Now, we can substitute and clean up. \begin{align} \lim_{a\rightarrow 0}\frac{\sum_{n=0}\frac{a}{(2n+1)^2-\frac{a^2}{4}}}{a}&=\frac{\pi^2}{8}\\ \lim_{a\rightarrow 0}\sum_{n=0}\frac{1}{(2n+1)^2-\frac{a^2}{4}}&=\frac{\pi^2}{8}\\ \sum_{n=0}\lim_{a\rightarrow 0}\frac{1}{(2n+1)^2-\frac{a^2}{4}}&=\frac{\pi^2}{8}\\ \sum_{n=0}\frac{1}{(2n+1)^2}&=\frac{\pi^2}{8} \end{align}

Disclaimer: Thanks to Dan Velleman for his/her insight.

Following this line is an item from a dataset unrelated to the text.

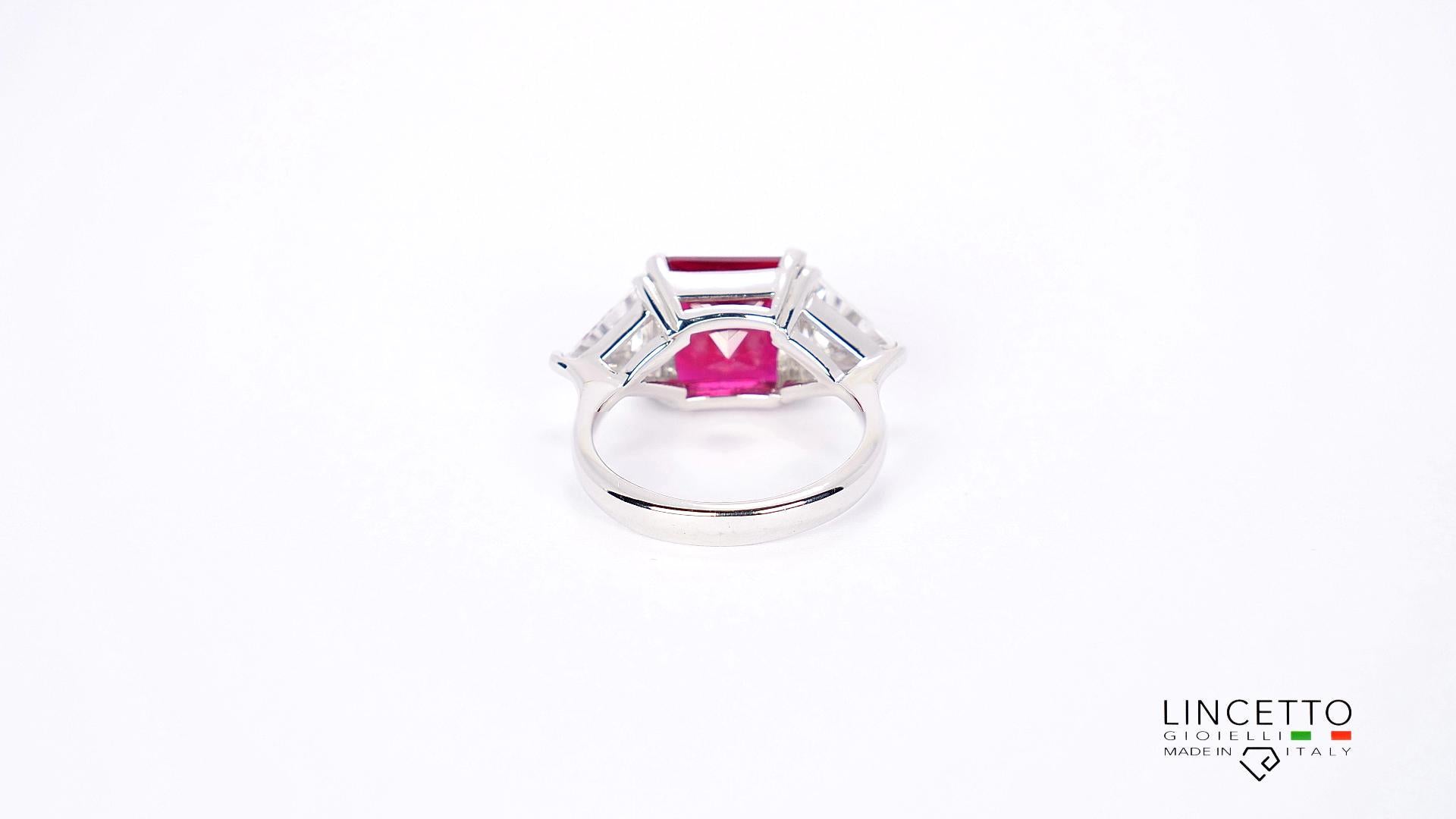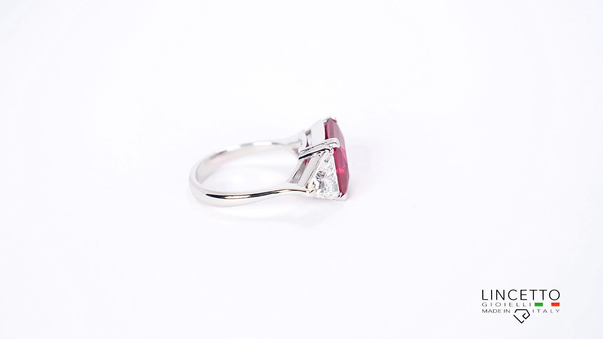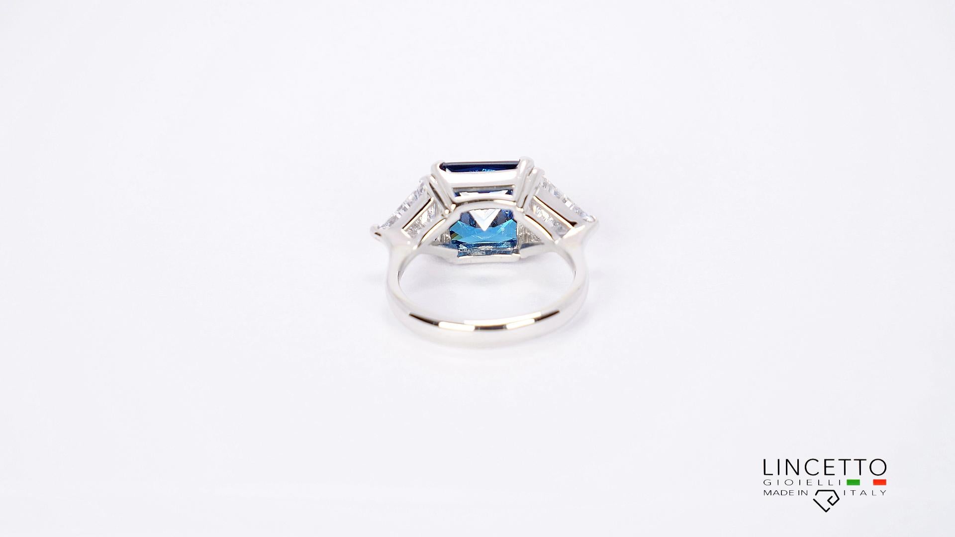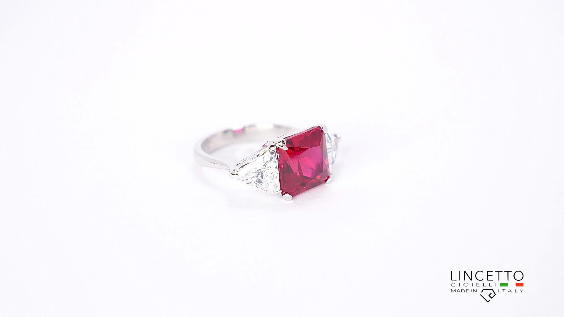 ANELLO CON PIETRA CENTRALE 10X10 E TRIANGOLI LATERALI

• It looks good. Perhaps you need to add an explanation of why you can move the limit inside the sum. May 21, 2022 at 20:51
• @GEdgar Thanks! But I don't think I have a very good explanation for this, other than $(2n+1)^2\geq a$ for all $n$? May 22, 2022 at 0:47
• Very nice approach This is nitpicking, but the beginning limit equation should have a limit on the RHS, as well; it looked odd at first seeing a limit in x being equal to x. May 22, 2022 at 8:48
• @AndrewSotomayor I'll fix it! Thanks :) May 22, 2022 at 12:28
• Yes, it's good now. It would still be nice to justify swapping the limit and sum. You could appeal to the dominated convergence theorem. May 22, 2022 at 19:25

Following the comment of @RaymondManzoni, we obtain continuing OP's approach \begin{align*} \frac{\pi}{4z}\tan\left(\frac{\pi}{2}z\right)=\sum_{n=0}^\infty\frac{1}{(2n+1)^2-z^2}\tag{1} \end{align*}

We can evaluate the right-hand side of (1) at $$z=0$$. Since $$\tan\left(\frac{\pi}{2}z\right)$$ has a series expansion for $$|z|<1$$ we obtain by taking the limit as $$z\to 0$$ and the tangent series expansion: \begin{align*} \color{blue}{\sum_{n=0}^\infty\frac{1}{(2n+1)^2}}& =\lim_{z\to 0}\frac{\pi}{4z}\tan\left(\frac{\pi}{2}z\right)\\ &=\lim_{z\to 0}\frac{\pi}{4z}\left(\frac{\pi}{2}z+O(z^3)\right)\\ &\,\,\color{blue}{=\frac{\pi^2}{8}} \end{align*}

Definitely not as good as C.Koca's proof because this will just feel like it came out of nowhere (and it's also not the proof you asked for! Just adding it there because might as well, if someone's looking for it). But here's an alternative proof using Fourier series:

Start from the function $$f : \mathbb{R} \to \mathbb{R}$$ which is $$x \mapsto 1 + x/\pi$$ on $$(-\pi, 0)$$, $$x \mapsto 1 - x/\pi$$ on $$(0, \pi)$$, and $$0$$ everywhere else. It's not even continuous but it doesn't matter, you can still compute its Fourier decomposition in the usual way, and get:

$$f(x) = \dfrac{1}{2} + \dfrac{4}{\pi^2}\displaystyle\sum_{n \geq 0} \dfrac{\cos\big((2n + 1)x\big)}{(2n+1)^2}$$

You can then apply your function at an appropriate value of $$x$$ to make the right-hand side look like the sum you want it to. And the left-hand side if explicitly given by the original expression for $$f$$, so you get an equality from which you can deduce the value of your sum :).